После этих слов наступила небольшая пауза, и Артур обратился к несколько иной теме:
— Взять, к примеру, гимнографическую литературу. Боже, до какой степени она напичкана эгоизмом! Право, трудно найти более яркие свидетельства духовной деградации, чем современные духовные гимны!
Я прочел строфу:
— Да, — грустно поморщился он, — строки весьма и весьма типичные. Вот и на последней проповеди о пользе благотворительности я не мог отделаться от той же мысли. Приведя уйму доводов в пользу благотворительности, проповедник заявил: «К тому же все, что вы жертвуете, вернется к вам сторицей!» Что, если столь бессмысленный аргумент предложить человеку, по-настоящему понимающему, что такое самопожертвование, и способному проявлять великодушие и даже героизм! Вспомним первородный грех! — продолжал он, и в его голосе все заметнее слышалась досада. — Разве можно найти большее доказательство первородного Милосердия к нашему народу, чем тот поразительный факт, что религия, которую мы исповедуем, на протяжении двух последних веков выродилась в некую коммерческую спекуляцию, а мы вопреки всему не утратили веру в Бога?!
— Ну, так не может долго продолжаться, — спокойно заметила леди Мюриэл, — если оппозиция не будет оставаться безгласной, если не произойдет то, что французы называют la cloture[8]. Тогда в каждом зале, аудитории или просто дружеском кругу этот вопрос будет горячо обсуждаться, не так ли?
— Хотелось бы надеяться, — отозвался Артур. — И хотя я вовсе не жду, что у нас вскоре будут узаконены «скандалы в благородном семействе», то бишь церкви, я просто хочу сказать, что сегодня священники обладают огромной привилегией, которую не всегда заслуживают и которой подчас ужасно злоупотребляют. Мы возводим нашего пастора на кафедру и заявляем ему: «Ну вот, можете стоять здесь и целые полчаса говорить все, что вам заблагорассудится. Мы постараемся не прерывать вас ни единым словом! Можете говорить все что хотите!» И что же мы получаем взамен? Пустопорожние разглагольствования, да еще такие, что, доведись вам услышать их за обедом, вы непременно скажете: «Он что, за дурака меня считает?»

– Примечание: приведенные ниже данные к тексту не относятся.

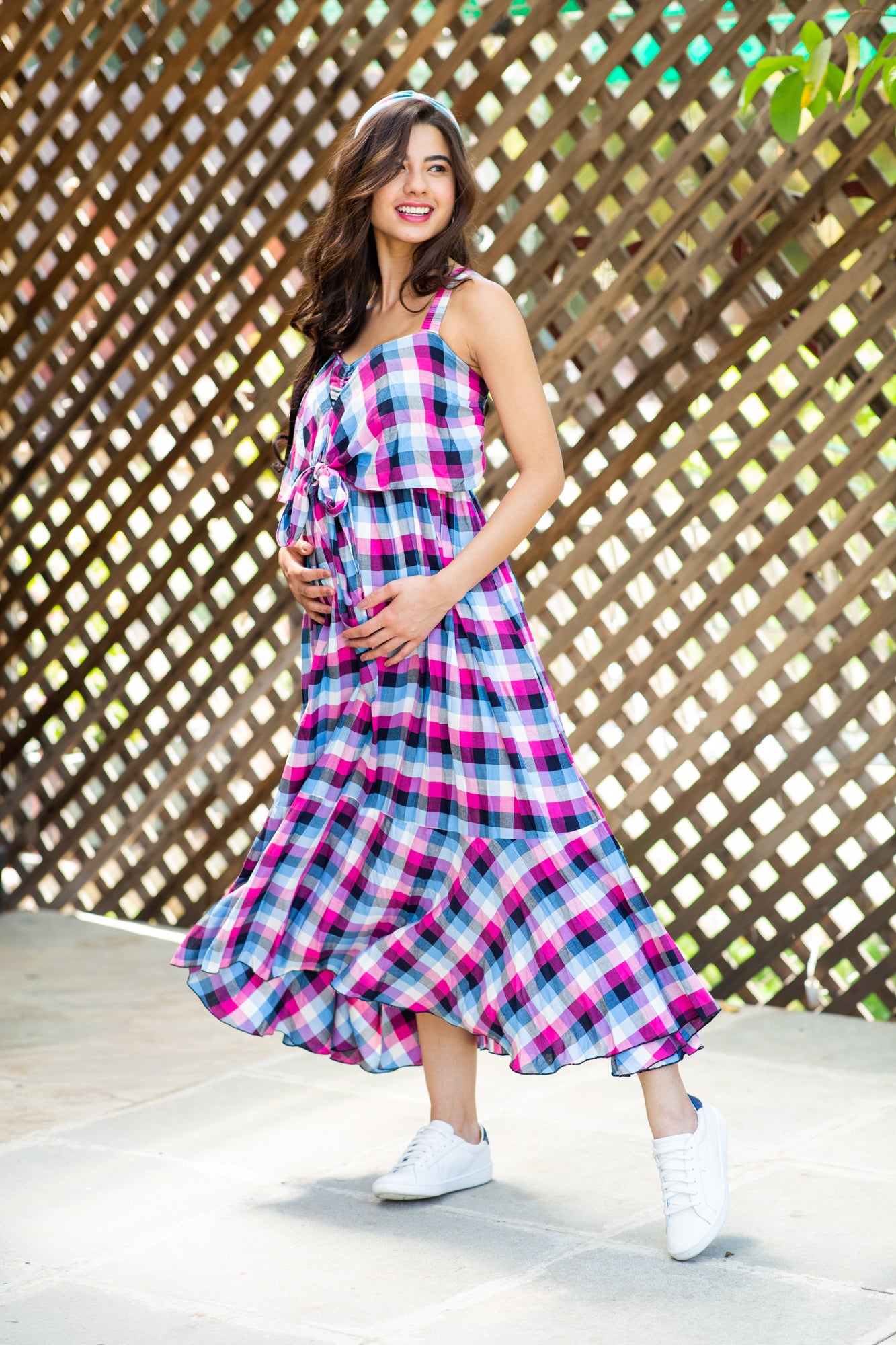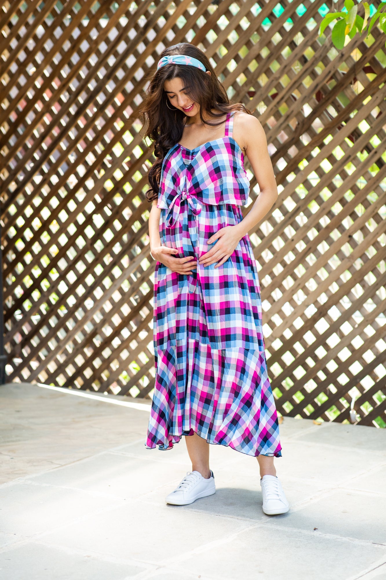 Plaids are a staple for any season and this maternity dress is an all-time favorite. This dress is a perfect pick offering a flexible fit throughout pregnancy. Made in lightweight viscose fabric, this dress is crafted to offer easy movement and easy nursing.

Возвращение Эрика с прогулки как-то сразу оборвало прилив красноречия Артура, и, поболтав еще минут пять о каких-то незначащих пустяках, мы откланялись. Леди Мюриэл проводила нас до ворот.
— Вы заставили меня о многом задуматься, — серьезным тоном проговорила она, подавая Артуру руку. — Весьма признательна вам за визит!
Во вторник, когда Артур почему-то не захотел пойти со мной, я решил отправиться на прогулку, резонно рассудив, что не станет же он целый день сидеть за книгами, и я, скорее всего, увижусь с ним во Дворце за вечерним чаем. На обратном пути я подошел к станции как раз в то время, когда показался вечерний поезд. Я спустился вниз, чтобы посмотреть, не приехал ли он. Увы, когда поезд отошел от перрона, платформа была совершенно пуста, и я вспомнил, что, если я хочу поспеть к Графу к пяти часам, мне надо поторапливаться.
Подойдя к краю платформы, откуда начиналась шаткая деревянная лестница, ведущая наверх, я заметил двух пассажиров, которые, надо полагать, только что приехали, но странным образом ускользнули от моих глаз. Это были молодая дама и маленькая девочка; первая, насколько я мог судить по ее одежде, была гувернанткой, присматривавшей за малышкой, благородное личико которой лучше всякого платья свидетельствовало о том, что его обладательница принадлежит к более высокому классу, чем ее попутчица.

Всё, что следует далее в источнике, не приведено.